祖父慈祥地说:“其实你拿钱时我早就看到了,以后你要钱花,可以告诉爷爷,爷爷会给你的。”

当时祖父虽对我宠爱有加,但祖母对我很是严厉。记得当时祖母房中放有很多蛋糕、桂花球、酥糖、香糕一类的食品,特别是看到瓶装的肉松出现在那里时,我总是馋得直流口水,而她很少给我自由地享用。于是,趁祖母不在,我就偷偷溜进她的房间,饱吃一顿。我知道,如果偷一点酥糖之类是不容易发觉的,但瓶装的肉松如果少了,就特别容易被发觉。
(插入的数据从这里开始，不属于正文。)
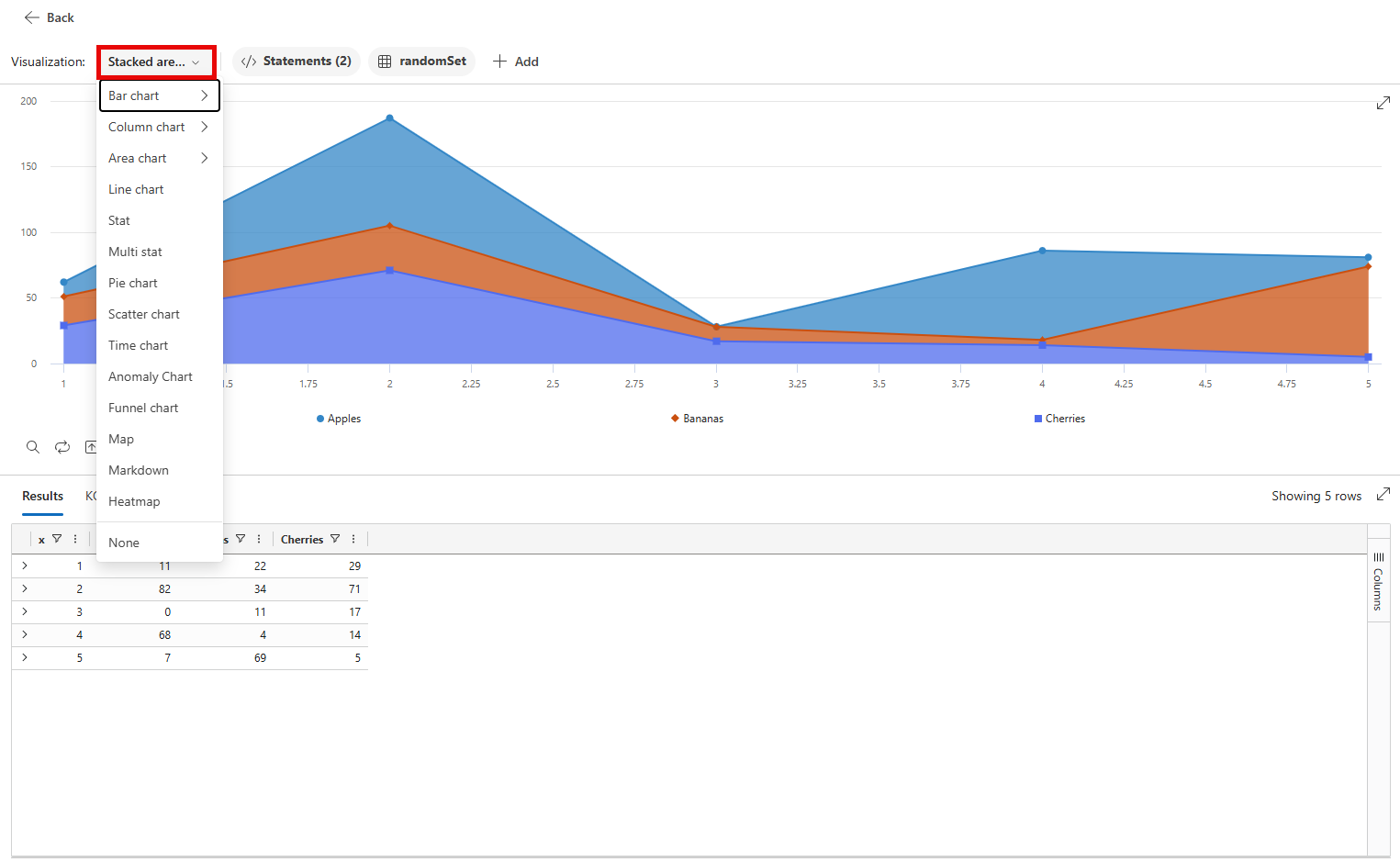 From the Visualization dropdown, select other visual types to visualize your data in different ways.
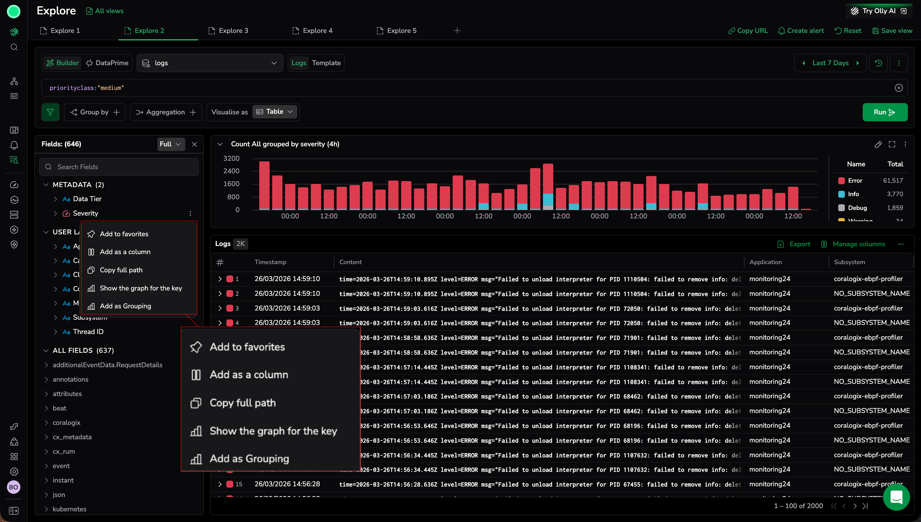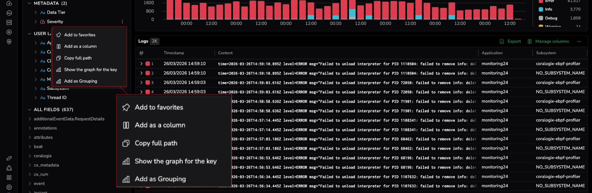 - The logs table context menu (right-click any key-value pair in a log entry that contains log data)

于是,在吃完一两把以后,我就会将瓶子反复地上下摇晃几次,以掩人耳目。有一次我在偷吃结束摇动肉松瓶时,被祖母发现了。祖母生气地责骂我并告诉了祖父,我吓得哭了,祖父将我叫到身边,不但不批评,还将我摇过的两瓶肉松送到我手中,笑道:“偷吃不光彩,要吃就来找爷爷。”
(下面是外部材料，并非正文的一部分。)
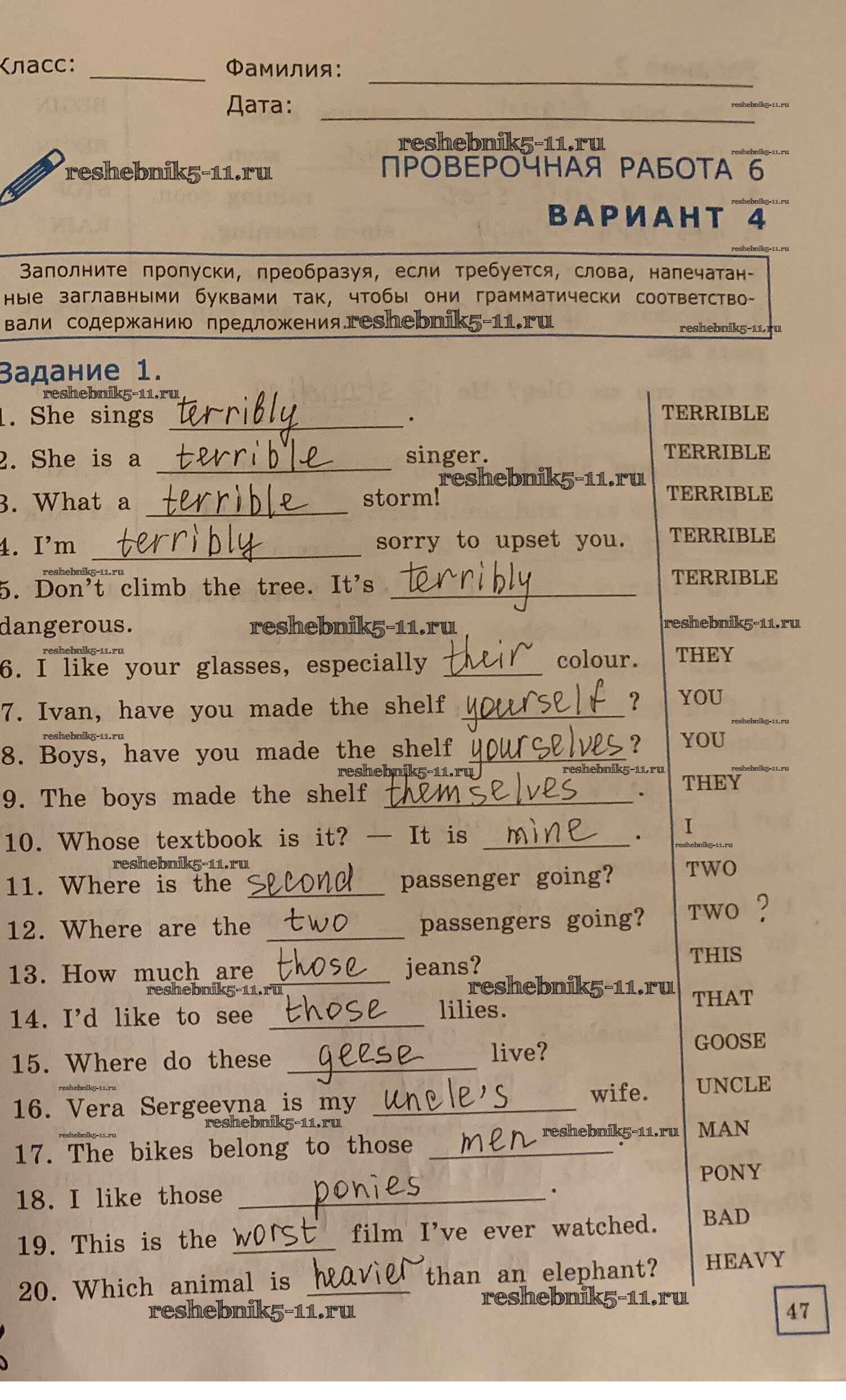 Готовая домашняя работа с ответами по Английскому языку за 6 класс Барашкова Проверочные работы УМК Экзамен 2017 ФГОС - Проверочная работа №6 вариант 4

祖父这种特殊的教育方式,深深地感染了我,从此以后,我懂得应该做一个诚实的孩子。

童年的我还有一个绰号叫“小马寅初”,据说是我的外貌有些像马寅初,圆圆的脸,倒挂八字眉,大鼻子。记得当年我们家与马寅初先生是颇有交情的,马老不但经常来我家与祖父聚会,而且曾在浙江地方银行嵊县分行处隐居两三个月,以躲避蒋介石的迫害。我印象最深的是9岁那年春节,马寅初来我家做客,曾给了我2块银元做压岁钱。不过,许多事情是后来我读到一本《马寅初在故乡》(嵊县政协编写)时才渐渐清晰起来的,书中也记述了我祖父和马寅初交往很深,当年我家的浙江地方银行嵊县分行是由马寅初劝道后才办起来的,由我祖父出资,行长由马寅初的妹夫余星如担任。
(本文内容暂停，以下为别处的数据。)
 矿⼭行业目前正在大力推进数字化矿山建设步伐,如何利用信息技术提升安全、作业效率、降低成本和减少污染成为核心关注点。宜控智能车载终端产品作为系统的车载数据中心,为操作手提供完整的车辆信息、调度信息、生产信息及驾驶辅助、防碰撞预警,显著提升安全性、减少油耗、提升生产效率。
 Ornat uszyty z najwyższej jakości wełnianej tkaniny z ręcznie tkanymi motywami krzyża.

等我们稍大一些,祖父就非常关心我们的学习。我家在学习上有一个奖励制度,每年将成绩单交给祖父评比,谁的总分最高,就奖励5块银元。哥哥一直是我手下败将,为此我曾经十分得意。我祖父文化不高,但打算盘似行云流水,常常手把手地教我乘法除法的运算。不久我迁居上海后,还曾与祖父通信,祖父每次将我信中的错别字及病句一一指出,再将原信寄还给我,每次接到他的回信,我总是脸红又温馨。由于童年时与祖父相处的时间较长,加上他对我十分疼爱,所以,我的一生中对祖父的感情远远超过亲生父母。

往事如烟,一切都随着时间的推移而远去,如今步入晚年的我,仍深深保留着对于祖辈“汪家”的真切记忆。